*Instructions for the task*.
Would you print the lines below exactly, beginning at the line that has "孟克吉日嘎拉與朋友們?cè)" and stopping after the line that has "passamaneria realizzata nella"? Only those lines, and no pictures.

*Input data*.
-- -- --

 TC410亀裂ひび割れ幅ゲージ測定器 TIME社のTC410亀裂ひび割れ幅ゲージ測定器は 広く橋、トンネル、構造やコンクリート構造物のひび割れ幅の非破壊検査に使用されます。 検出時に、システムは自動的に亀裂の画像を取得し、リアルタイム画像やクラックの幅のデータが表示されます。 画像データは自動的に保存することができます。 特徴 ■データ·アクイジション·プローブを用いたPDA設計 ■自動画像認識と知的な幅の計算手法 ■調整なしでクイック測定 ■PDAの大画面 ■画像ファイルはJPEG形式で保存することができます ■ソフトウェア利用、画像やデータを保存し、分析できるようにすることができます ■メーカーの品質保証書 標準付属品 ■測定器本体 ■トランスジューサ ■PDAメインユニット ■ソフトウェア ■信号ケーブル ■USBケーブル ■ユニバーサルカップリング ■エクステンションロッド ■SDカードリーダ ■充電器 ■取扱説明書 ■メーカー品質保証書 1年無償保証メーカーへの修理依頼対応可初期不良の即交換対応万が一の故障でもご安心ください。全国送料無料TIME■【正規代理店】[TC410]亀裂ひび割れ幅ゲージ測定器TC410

-- -- --

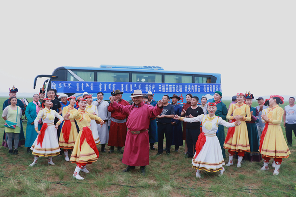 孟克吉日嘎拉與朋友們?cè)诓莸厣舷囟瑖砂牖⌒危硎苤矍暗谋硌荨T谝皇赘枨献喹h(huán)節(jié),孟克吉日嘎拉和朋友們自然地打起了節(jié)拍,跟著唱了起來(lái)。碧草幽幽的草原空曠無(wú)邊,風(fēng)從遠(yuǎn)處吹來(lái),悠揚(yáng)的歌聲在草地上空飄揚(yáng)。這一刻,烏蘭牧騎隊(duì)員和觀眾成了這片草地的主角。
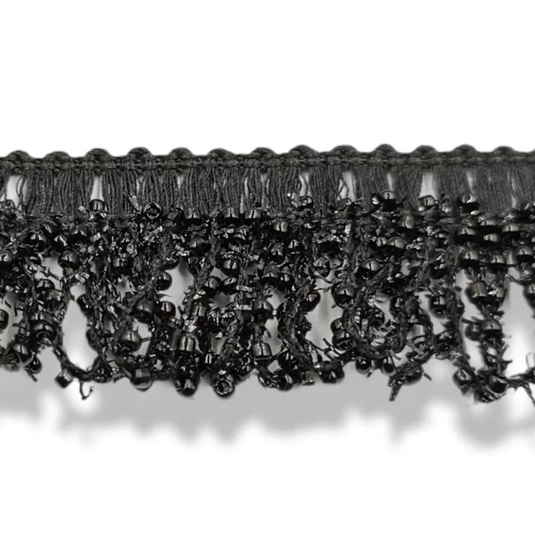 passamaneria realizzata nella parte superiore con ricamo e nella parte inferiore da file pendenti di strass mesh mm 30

-- -- --

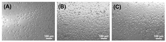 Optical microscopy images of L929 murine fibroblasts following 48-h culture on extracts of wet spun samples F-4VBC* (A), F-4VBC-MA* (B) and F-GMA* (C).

-- -- --

*Response*.
 孟克吉日嘎拉與朋友們?cè)诓莸厣舷囟瑖砂牖⌒危硎苤矍暗谋硌荨T谝皇赘枨献喹h(huán)節(jié),孟克吉日嘎拉和朋友們自然地打起了節(jié)拍,跟著唱了起來(lái)。碧草幽幽的草原空曠無(wú)邊,風(fēng)從遠(yuǎn)處吹來(lái),悠揚(yáng)的歌聲在草地上空飄揚(yáng)。這一刻,烏蘭牧騎隊(duì)員和觀眾成了這片草地的主角。
 passamaneria realizzata nella parte superiore con ricamo e nella parte inferiore da file pendenti di strass mesh mm 30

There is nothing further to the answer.